Voice Chat
This guide shows how to wire a hands‑free “voice chat” loop using the VAD with your STT (e.g., Whisper) and optional TTS.
What you’ll build
- A
VoiceChatController
that: - uses
MicVAD
to auto‑endpoint speech - calls your STT on each final segment
- emits simple status/transcript events to drive UI
- briefly pauses the mic while TTS plays to avoid barge‑in
- A small React panel UI that listens to events and lets the user Pause/Resume/End.
Install
npm i @realtimex/vad-web
(or@realtimex/vad-react
if you want hook ergonomics).- Ensure assets are served (see “Assets” below).
Controller (framework‑agnostic)
// voice-chat-controller.ts
import { MicVAD } from "@realtimex/vad-web"
type Status = "loading" | "listening" | "processing" | "idle"
// Minimal event emitter using EventTarget
export class Emitter<TEvents extends Record<string, any>> {
private target = new EventTarget()
on<K extends keyof TEvents & string>(type: K, handler: (e: TEvents[K]) => void) {
const wrapped = (evt: Event) => handler((evt as CustomEvent).detail)
this.target.addEventListener(type, wrapped as EventListener)
return () => this.target.removeEventListener(type, wrapped as EventListener)
}
emit<K extends keyof TEvents & string>(type: K, detail: TEvents[K]) {
this.target.dispatchEvent(new CustomEvent(type, { detail }))
}
}
export type VoiceChatEvents = {
VOICECHAT_STATUS: { status: Status }
VOICECHAT_TRANSCRIPT: { text: string; isFinal: boolean }
VOICECHAT_SEND: { text: string }
}
export type STT = {
// Called with a 16kHz, mono Float32Array (−1..1)
transcribe: (audio: Float32Array) => Promise<{ text: string }>
}
type Options = {
// Where to load assets from (see Assets section)
baseAssetPath?: string
onnxWASMBasePath?: string
// TTS coordination hooks (optional)
onTTSStart?: () => void
onTTSEnd?: () => void
}
export class VoiceChatController extends Emitter<VoiceChatEvents> {
private vad?: MicVAD
private running = false
private paused = false
private stt: STT
private savedVADOptions?: Partial<Parameters<typeof MicVAD.new>[0]>
constructor(stt: STT, private opts: Options = {}) {
super()
this.stt = stt
}
async start() {
if (this.running) return
this.running = true
this.paused = false
this.emit("VOICECHAT_STATUS", { status: "loading" })

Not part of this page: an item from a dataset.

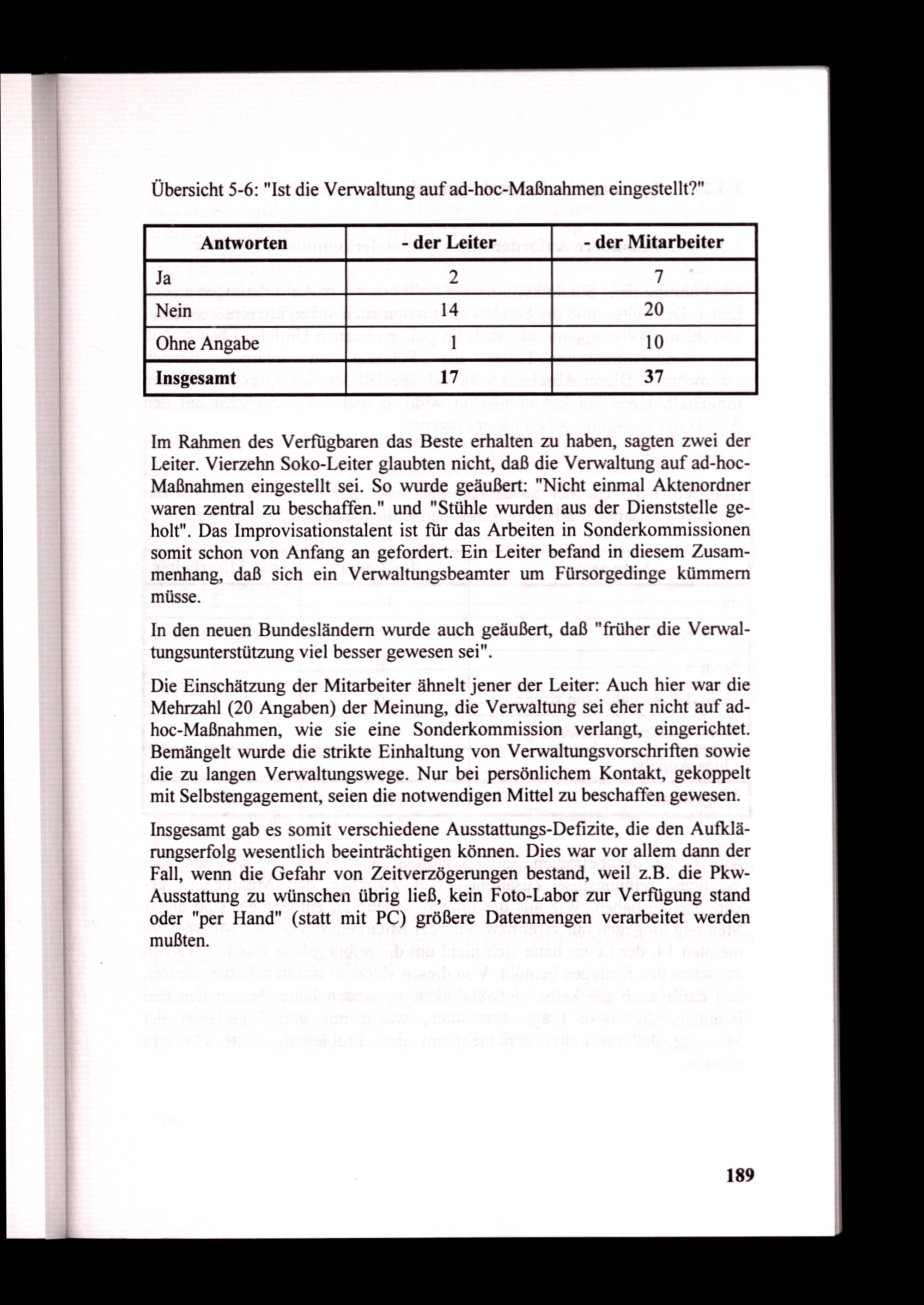 Die Einschätzung der Mitarbeiter ähnelt jener der Leiter: Auch hier war die Mehrzahl(20 Angaben) der Meinung, die Verwaltung sei eher nicht auf adhoc-Maßnahmen, wie sie eine Sonderkommission verlangt, eingerichtet. Bemängelt wurde die strikte Einhaltung von Verwaltungsvorschriften sowie die zu langen Verwaltungswege. Nur bei persönlichem Kontakt, gekoppelt mit Selbstengagement, seien die notwendigen Mittel zu beschaffen gewesen.

// Configure VAD (Silero V6) with voice‑chat‑friendly thresholds
this.vad = await MicVAD.new({
baseAssetPath: this.opts.baseAssetPath ?? "https://cdn.jsdelivr.net/npm/@realtimex/vad-web@latest/dist/",
onnxWASMBasePath: this.opts.onnxWASMBasePath ?? "https://cdn.jsdelivr.net/npm/@realtimex/vad-web@latest/dist/onnxruntime-web/",
positiveSpeechThreshold: 0.5,
negativeSpeechThreshold: 0.35,
minSpeechMs: 250,
redemptionMs: 800,
preSpeechPadMs: 200,
onSpeechStart: () => {
this.emit("VOICECHAT_STATUS", { status: "listening" })
},
onSpeechRealStart: () => {
this.emit("VOICECHAT_TRANSCRIPT", { text: "", isFinal: false })
},
onSpeechEnd: async (audio) => {
if (!this.running) return
this.emit("VOICECHAT_STATUS", { status: "processing" })
try {
const { text } = await this.stt.transcribe(audio)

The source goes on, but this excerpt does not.